To be white is to be close to God. To be dark-skinned is to be alienated from God.

“Moreover, within this narrative of Anglo-Saxon exceptionalism, that which whiteness most opposes is also that which God most opposes–that is, blackness.” (pg. 43). Follow the logic further – as they did – and the claim results not just in whiteness as pure, chosen, and superior, but blackness as impure, alienated, and as sin. And the conclusion of the logic: God is white–not just God’s chosen people.

Douglas’ book is a remarkable book; it was written after the death of to understand the death of Trayvon Martin and the application of the “Stand Your Ground” law. Who has the right to “stand your ground”? That depends on your “blood,” your race, your heritage, the color of your skin. It depends on who has the right to the ground. And then: who has the right to their own bodies as they walk (or run) on that land.

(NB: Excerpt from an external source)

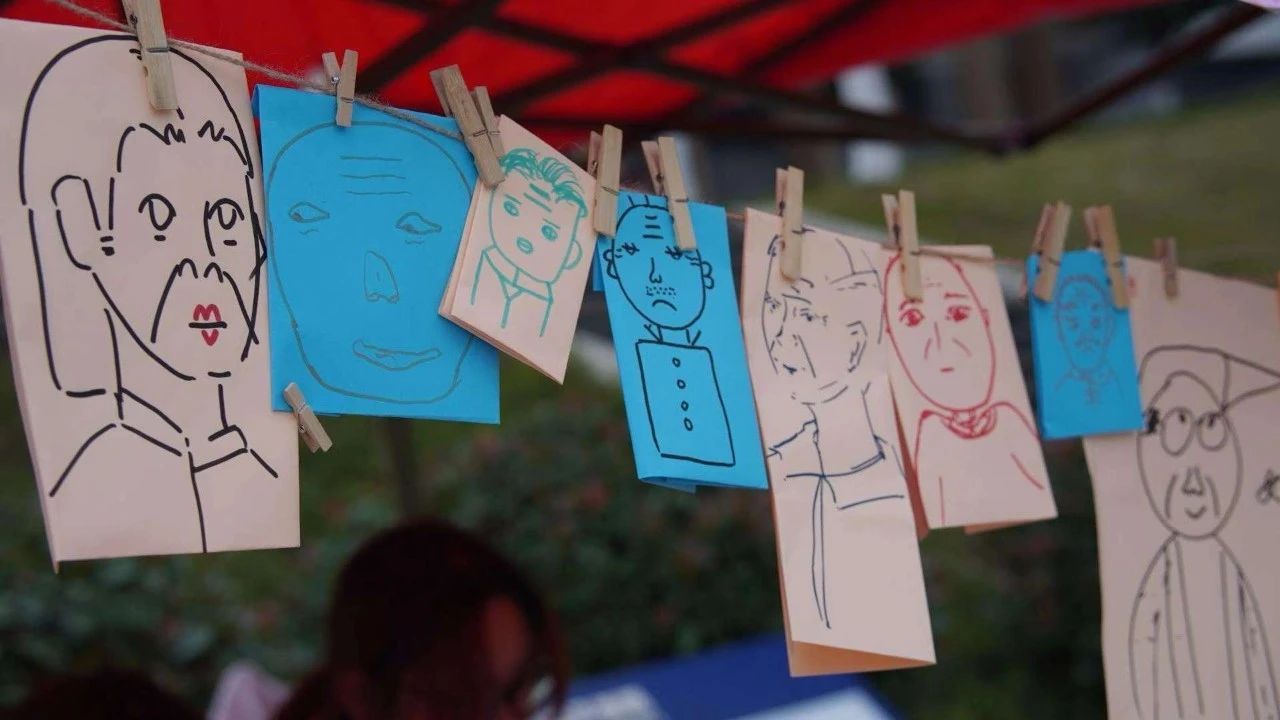 在微风广场上,画话夕阳支队根据支队专业特色在任务点设“小画家”志愿者。参与者根据裁判语言描述在画板上画出人物头像。由“小画家”志愿者根据参与者的绘画进行照片猜选,选出正确的照片,即为挑战成功。此项目不仅展示了画话夕阳平时在活动中的特色形式,更融合游戏展现了支队风采。

This brief and powerful history of white supremacy is, tragically enough, no less relevant today in the immediate wake of George Floyd’s murder, under the knee of police.

It is impossible to fully grasp police violence against black bodies, the injustice and inequities in the criminal system, the glaring and desperate need for systemic transformation, without grasping  first the history of American exceptionalism and its intricate link to the construction of “whiteness” and to the flawed and destructive myth of white supremacy.

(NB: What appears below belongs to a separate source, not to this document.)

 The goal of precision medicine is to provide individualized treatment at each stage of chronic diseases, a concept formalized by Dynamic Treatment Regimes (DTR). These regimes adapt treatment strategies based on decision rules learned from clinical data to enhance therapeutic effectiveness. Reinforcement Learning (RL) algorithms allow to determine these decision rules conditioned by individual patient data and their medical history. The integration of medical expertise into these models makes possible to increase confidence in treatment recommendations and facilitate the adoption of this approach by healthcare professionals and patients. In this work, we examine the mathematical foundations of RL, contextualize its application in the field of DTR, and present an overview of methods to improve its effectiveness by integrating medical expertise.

It’s also important to realize the role that Christian religion and Christian theology played in the perpetuation of this myth of American exceptionalism, and the accompanying de-humanizing of black and brown bodies. This due in part to to the construction of theology and the interpretation of the Bible through the lens of white supremacy, the grasping for power, and the construction of whiteness itself. This construction was biologically faulty, theologically perverse, and persistently destructive and evil.

As Douglas puts it toward the end of this chapter: “The narrative of exceptionalism simply has not gone away. It is stubborn. It continues to enact itself through the stand-your-ground culture it produced to reinforce its shield, whiteness” (pg. 45).